### EXERCISE AIM
Given the records underneath, please repeat exactly the lines from the line with "研究人员修剪茶树穗条。" through the line with "Los Jardines del", passing over any picture.

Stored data
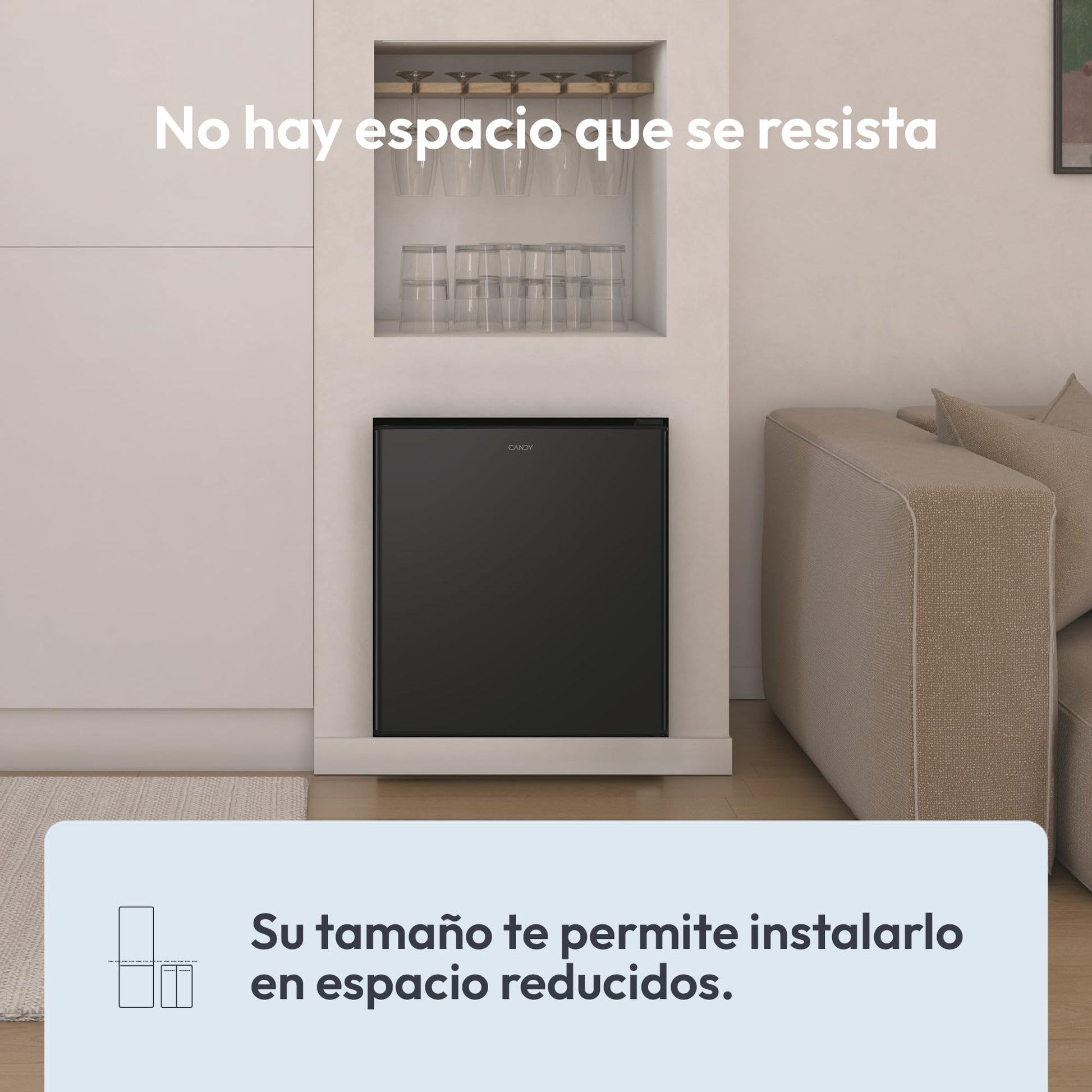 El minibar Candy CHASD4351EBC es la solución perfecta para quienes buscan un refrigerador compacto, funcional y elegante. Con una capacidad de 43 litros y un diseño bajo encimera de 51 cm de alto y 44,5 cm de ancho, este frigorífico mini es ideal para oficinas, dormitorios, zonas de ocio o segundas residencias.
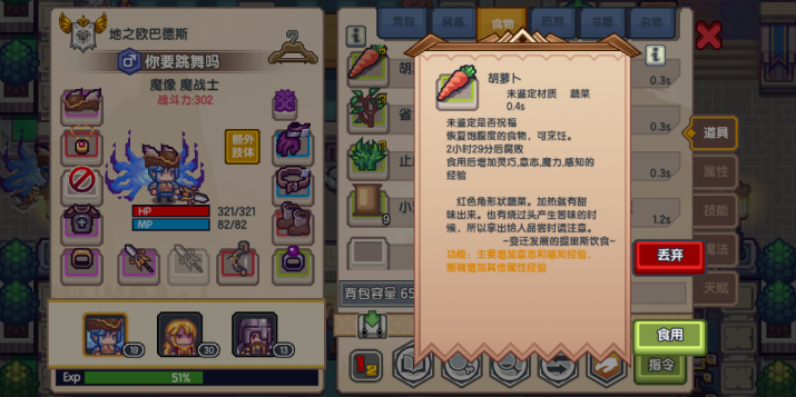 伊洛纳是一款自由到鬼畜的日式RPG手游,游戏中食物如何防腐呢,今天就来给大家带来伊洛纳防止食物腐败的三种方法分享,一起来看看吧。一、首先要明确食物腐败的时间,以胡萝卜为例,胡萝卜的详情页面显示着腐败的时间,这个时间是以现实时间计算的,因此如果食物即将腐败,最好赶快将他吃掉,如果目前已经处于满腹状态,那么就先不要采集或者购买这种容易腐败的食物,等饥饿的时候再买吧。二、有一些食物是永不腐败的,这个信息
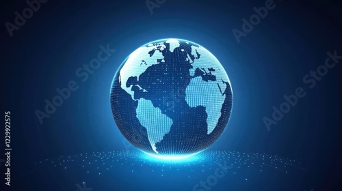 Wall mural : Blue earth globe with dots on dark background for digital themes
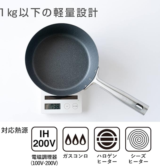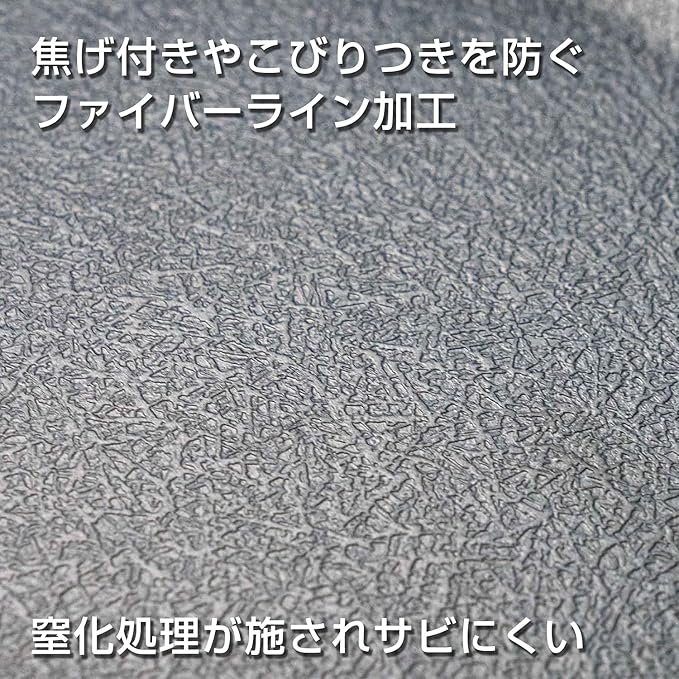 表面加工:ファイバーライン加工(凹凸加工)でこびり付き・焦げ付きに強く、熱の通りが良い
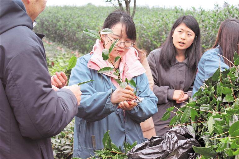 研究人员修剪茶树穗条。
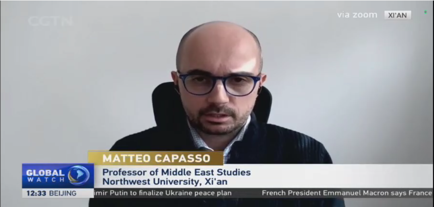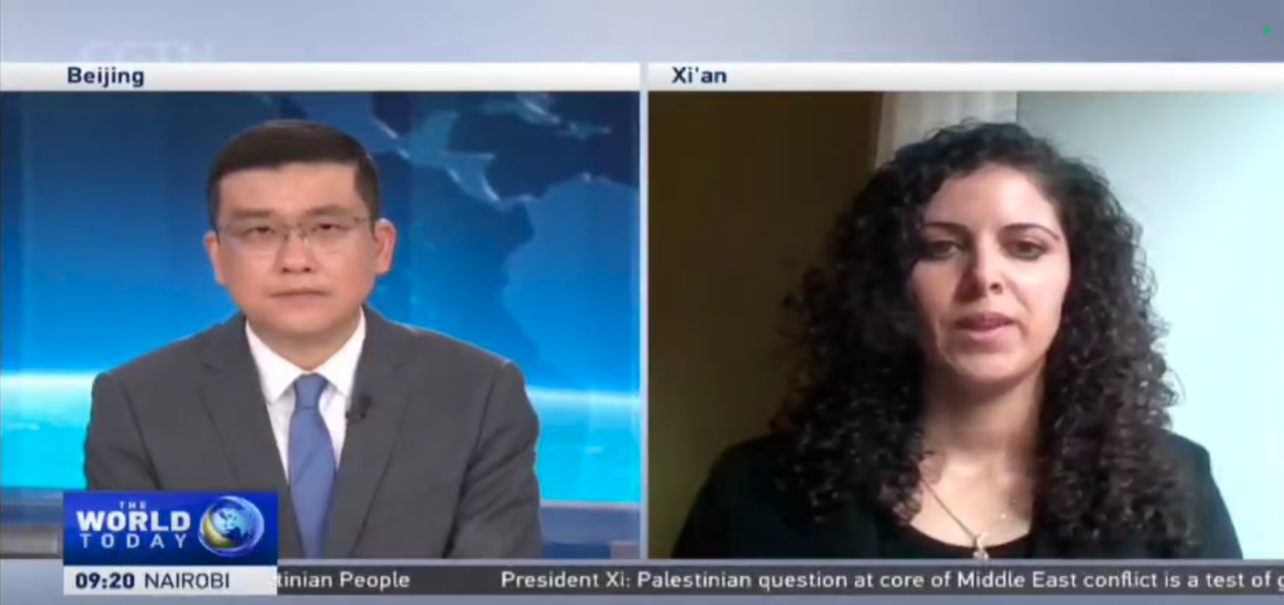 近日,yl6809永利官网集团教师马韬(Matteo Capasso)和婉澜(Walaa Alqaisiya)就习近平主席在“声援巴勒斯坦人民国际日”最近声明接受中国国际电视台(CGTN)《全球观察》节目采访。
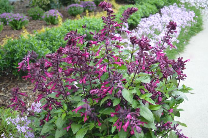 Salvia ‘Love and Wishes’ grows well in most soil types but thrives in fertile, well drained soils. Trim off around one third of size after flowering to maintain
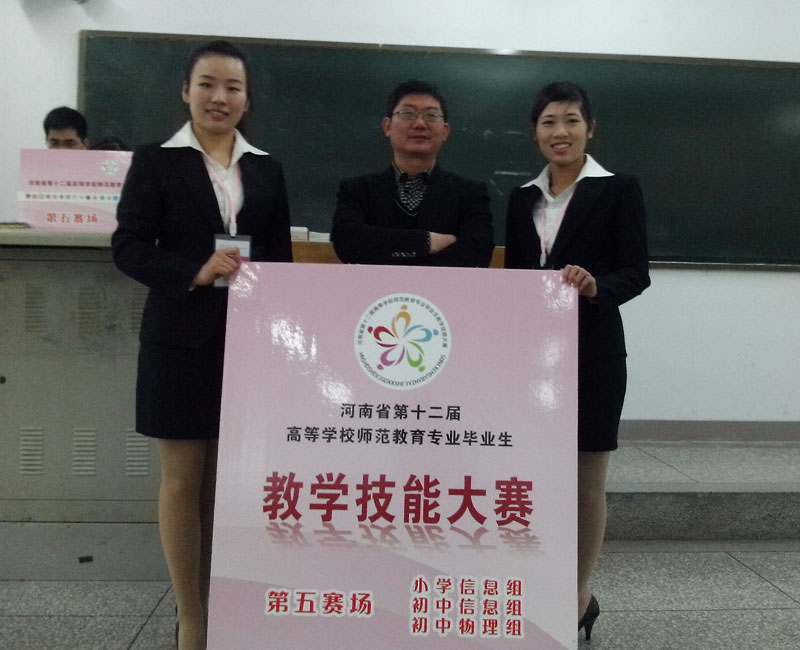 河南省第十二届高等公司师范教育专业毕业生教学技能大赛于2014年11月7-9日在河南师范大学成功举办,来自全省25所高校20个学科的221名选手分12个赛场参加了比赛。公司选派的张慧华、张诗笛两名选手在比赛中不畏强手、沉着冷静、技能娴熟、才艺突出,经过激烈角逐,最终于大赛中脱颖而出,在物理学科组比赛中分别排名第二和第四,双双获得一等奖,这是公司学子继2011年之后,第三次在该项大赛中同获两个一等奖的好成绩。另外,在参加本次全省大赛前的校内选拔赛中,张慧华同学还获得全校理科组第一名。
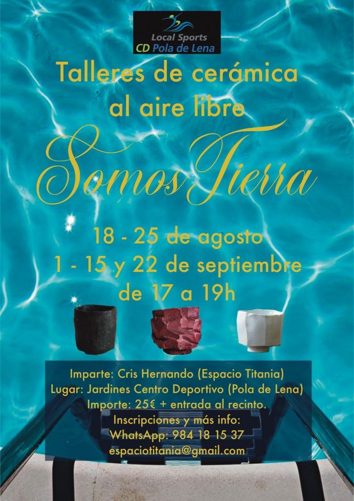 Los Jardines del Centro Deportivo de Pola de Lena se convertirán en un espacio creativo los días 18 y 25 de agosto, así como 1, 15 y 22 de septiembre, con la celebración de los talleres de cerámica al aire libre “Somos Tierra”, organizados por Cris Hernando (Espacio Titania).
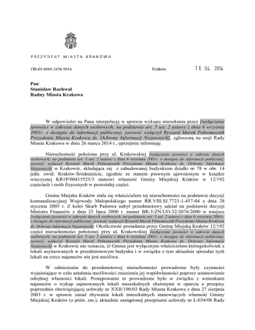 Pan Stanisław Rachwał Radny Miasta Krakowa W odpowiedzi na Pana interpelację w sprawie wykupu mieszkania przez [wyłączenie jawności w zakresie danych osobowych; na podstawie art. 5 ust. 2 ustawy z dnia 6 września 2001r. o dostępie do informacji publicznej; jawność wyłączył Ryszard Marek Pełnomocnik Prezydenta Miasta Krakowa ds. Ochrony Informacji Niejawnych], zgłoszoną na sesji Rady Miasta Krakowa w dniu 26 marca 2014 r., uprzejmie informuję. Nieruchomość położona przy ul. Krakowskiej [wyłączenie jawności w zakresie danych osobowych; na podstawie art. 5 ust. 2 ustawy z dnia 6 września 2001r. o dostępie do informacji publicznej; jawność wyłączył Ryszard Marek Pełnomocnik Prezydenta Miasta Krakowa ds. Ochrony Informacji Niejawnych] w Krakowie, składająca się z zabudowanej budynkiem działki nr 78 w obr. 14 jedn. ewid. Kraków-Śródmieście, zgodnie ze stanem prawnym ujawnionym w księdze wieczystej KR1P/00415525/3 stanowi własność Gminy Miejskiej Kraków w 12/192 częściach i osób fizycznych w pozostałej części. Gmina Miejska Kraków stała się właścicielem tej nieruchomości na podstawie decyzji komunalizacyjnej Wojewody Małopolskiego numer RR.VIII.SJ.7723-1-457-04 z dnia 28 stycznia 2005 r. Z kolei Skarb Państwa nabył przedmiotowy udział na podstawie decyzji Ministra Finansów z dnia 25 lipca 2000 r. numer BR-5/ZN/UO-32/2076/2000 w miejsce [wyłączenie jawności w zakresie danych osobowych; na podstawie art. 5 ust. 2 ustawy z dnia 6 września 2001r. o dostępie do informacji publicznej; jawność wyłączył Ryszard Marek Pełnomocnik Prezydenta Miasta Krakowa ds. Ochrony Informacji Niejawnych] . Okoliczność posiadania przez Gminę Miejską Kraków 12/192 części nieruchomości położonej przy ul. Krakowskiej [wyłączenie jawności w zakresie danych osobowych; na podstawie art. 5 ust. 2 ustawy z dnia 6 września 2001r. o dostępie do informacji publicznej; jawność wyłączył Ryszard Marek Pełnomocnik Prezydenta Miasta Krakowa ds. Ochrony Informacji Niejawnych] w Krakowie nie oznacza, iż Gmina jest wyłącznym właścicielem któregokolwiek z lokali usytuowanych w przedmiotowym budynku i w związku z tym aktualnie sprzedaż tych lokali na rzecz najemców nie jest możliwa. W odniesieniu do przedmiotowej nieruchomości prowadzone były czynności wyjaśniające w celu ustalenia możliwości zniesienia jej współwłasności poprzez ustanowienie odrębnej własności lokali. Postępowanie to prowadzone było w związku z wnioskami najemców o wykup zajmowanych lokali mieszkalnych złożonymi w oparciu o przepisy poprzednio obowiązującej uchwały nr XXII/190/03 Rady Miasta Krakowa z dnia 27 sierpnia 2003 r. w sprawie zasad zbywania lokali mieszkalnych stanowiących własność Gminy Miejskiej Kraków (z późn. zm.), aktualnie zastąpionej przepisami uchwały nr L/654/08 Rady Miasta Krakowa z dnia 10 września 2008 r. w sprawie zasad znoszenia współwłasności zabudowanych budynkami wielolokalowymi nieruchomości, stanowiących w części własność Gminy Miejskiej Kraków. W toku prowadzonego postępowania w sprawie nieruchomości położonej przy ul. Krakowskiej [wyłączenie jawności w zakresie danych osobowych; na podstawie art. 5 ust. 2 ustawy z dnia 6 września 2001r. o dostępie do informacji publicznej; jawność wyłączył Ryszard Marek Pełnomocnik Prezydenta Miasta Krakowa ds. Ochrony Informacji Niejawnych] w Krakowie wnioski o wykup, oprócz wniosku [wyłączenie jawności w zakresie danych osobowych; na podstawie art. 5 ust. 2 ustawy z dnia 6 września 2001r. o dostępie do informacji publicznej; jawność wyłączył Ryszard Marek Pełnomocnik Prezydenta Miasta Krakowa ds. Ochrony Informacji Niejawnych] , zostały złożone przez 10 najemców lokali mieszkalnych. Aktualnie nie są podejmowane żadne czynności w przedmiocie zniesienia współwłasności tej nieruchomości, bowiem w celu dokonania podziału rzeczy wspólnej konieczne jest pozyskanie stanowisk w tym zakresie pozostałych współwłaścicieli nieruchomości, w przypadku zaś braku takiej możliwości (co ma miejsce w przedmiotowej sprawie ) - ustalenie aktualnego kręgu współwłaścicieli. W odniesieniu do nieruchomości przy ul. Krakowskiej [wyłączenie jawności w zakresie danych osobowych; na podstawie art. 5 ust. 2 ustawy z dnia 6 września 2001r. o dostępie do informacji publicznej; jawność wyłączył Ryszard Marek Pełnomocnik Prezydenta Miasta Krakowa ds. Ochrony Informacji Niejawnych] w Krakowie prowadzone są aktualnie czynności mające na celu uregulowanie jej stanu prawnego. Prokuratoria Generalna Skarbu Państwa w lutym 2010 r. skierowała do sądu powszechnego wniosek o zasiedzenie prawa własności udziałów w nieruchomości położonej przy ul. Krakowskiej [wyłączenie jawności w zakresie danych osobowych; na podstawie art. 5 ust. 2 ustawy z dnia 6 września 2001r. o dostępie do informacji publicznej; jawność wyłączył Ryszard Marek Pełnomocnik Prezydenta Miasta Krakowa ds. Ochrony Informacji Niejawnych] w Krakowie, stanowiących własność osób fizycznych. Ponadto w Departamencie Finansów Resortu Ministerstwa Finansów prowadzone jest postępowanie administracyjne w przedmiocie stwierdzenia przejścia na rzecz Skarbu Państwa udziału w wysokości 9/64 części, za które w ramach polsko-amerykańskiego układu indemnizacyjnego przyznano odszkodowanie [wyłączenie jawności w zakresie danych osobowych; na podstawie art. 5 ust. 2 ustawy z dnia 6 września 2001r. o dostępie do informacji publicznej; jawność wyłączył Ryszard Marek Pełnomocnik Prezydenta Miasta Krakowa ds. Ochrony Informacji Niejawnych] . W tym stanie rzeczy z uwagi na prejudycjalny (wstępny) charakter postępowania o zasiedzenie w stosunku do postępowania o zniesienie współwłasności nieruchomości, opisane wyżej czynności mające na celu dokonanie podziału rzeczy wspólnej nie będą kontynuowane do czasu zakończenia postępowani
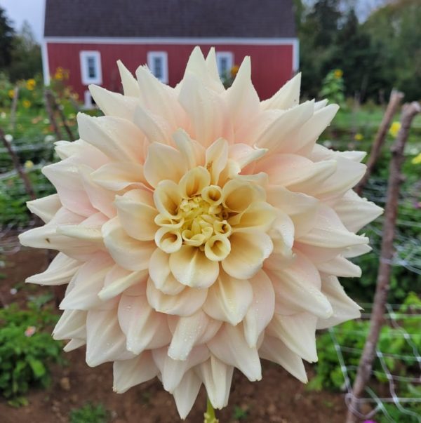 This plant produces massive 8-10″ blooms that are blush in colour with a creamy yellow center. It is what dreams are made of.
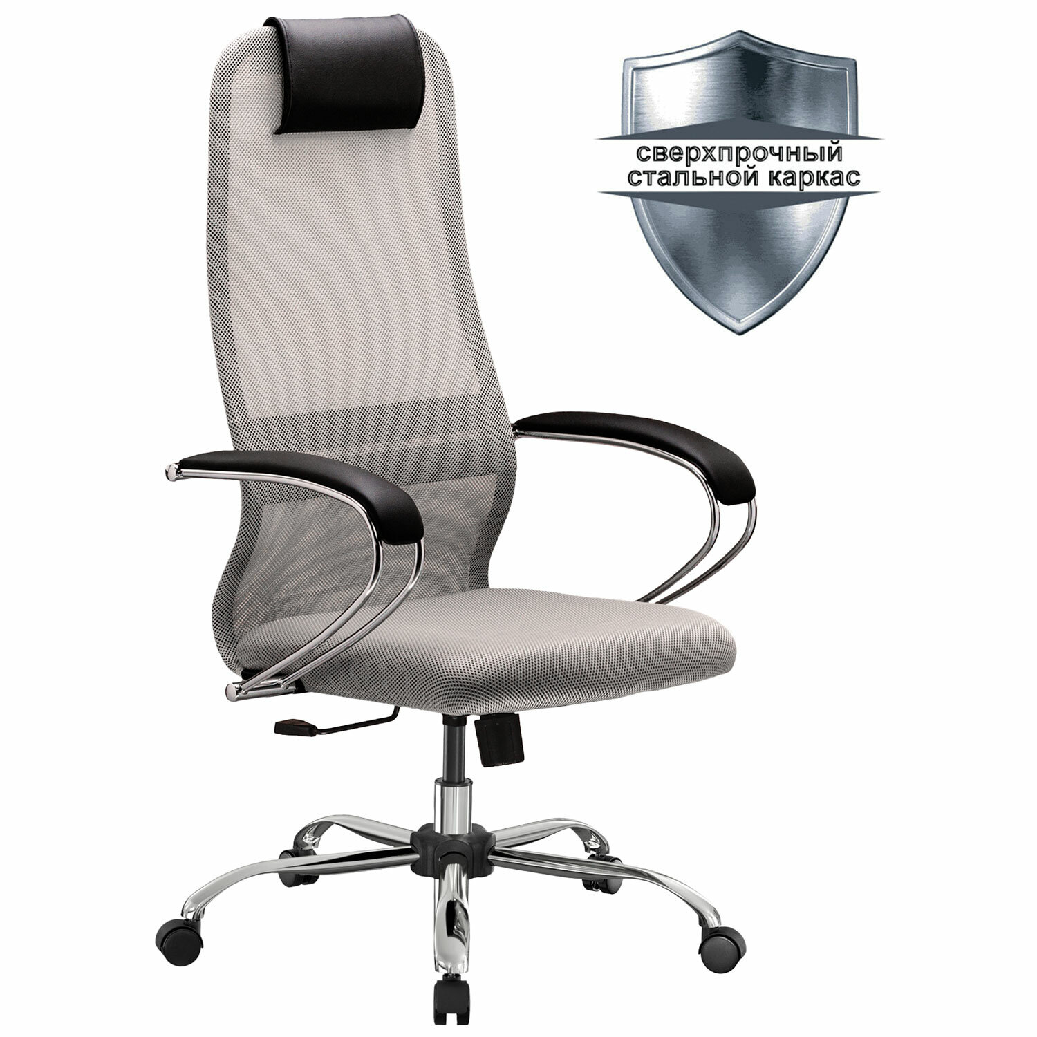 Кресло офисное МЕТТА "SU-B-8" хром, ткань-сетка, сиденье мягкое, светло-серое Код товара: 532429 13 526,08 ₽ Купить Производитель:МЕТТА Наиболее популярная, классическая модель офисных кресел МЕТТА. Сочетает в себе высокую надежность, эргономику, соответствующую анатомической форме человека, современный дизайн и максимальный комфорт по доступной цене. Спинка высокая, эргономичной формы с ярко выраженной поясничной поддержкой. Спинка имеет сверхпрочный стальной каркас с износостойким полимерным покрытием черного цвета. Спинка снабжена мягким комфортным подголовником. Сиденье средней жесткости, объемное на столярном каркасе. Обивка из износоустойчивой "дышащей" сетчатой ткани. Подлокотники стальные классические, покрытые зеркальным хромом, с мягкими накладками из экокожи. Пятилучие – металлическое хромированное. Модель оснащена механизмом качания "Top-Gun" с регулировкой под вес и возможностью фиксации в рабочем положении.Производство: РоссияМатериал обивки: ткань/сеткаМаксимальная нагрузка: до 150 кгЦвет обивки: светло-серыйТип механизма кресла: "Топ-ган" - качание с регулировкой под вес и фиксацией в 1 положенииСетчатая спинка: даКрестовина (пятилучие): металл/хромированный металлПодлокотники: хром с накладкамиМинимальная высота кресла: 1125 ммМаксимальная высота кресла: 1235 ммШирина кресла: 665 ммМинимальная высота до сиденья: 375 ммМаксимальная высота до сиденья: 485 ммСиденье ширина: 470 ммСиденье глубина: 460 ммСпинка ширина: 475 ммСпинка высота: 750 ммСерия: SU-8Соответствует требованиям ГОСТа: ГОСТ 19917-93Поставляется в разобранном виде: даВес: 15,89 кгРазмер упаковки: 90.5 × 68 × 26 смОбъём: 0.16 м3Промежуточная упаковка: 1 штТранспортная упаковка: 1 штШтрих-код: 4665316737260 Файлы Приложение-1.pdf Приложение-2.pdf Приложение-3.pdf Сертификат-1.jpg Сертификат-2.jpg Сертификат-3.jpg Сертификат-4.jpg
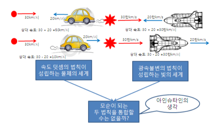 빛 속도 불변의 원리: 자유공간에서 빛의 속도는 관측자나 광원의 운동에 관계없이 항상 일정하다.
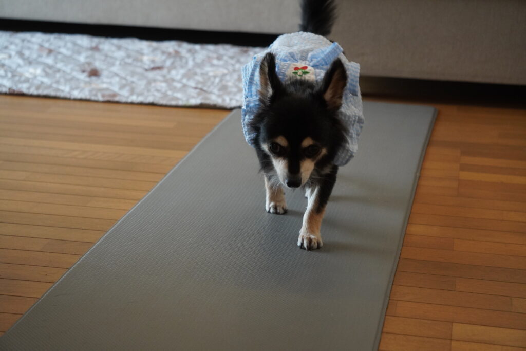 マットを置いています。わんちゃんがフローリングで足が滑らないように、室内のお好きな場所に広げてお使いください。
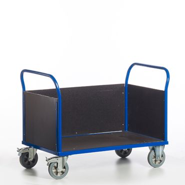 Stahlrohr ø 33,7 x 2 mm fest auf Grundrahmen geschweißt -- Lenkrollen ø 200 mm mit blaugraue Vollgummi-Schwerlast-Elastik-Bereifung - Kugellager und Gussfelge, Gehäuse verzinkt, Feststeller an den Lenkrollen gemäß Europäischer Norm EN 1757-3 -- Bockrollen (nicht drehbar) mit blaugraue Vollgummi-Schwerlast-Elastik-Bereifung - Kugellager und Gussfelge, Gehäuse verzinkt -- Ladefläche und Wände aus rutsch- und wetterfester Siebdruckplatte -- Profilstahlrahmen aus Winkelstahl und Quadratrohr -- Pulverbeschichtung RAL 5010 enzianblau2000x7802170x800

### WRITTEN SOLUTION
 研究人员修剪茶树穗条。
 近日,yl6809永利官网集团教师马韬(Matteo Capasso)和婉澜(Walaa Alqaisiya)就习近平主席在“声援巴勒斯坦人民国际日”最近声明接受中国国际电视台(CGTN)《全球观察》节目采访。
 Salvia ‘Love and Wishes’ grows well in most soil types but thrives in fertile, well drained soils. Trim off around one third of size after flowering to maintain
 河南省第十二届高等公司师范教育专业毕业生教学技能大赛于2014年11月7-9日在河南师范大学成功举办,来自全省25所高校20个学科的221名选手分12个赛场参加了比赛。公司选派的张慧华、张诗笛两名选手在比赛中不畏强手、沉着冷静、技能娴熟、才艺突出,经过激烈角逐,最终于大赛中脱颖而出,在物理学科组比赛中分别排名第二和第四,双双获得一等奖,这是公司学子继2011年之后,第三次在该项大赛中同获两个一等奖的好成绩。另外,在参加本次全省大赛前的校内选拔赛中,张慧华同学还获得全校理科组第一名。
 Los Jardines del Centro Deportivo de Pola de Lena se convertirán en un espacio creativo los días 18 y 25 de agosto, así como 1, 15 y 22 de septiembre, con la celebración de los talleres de cerámica al aire libre “Somos Tierra”, organizados por Cris Hernando (Espacio Titania).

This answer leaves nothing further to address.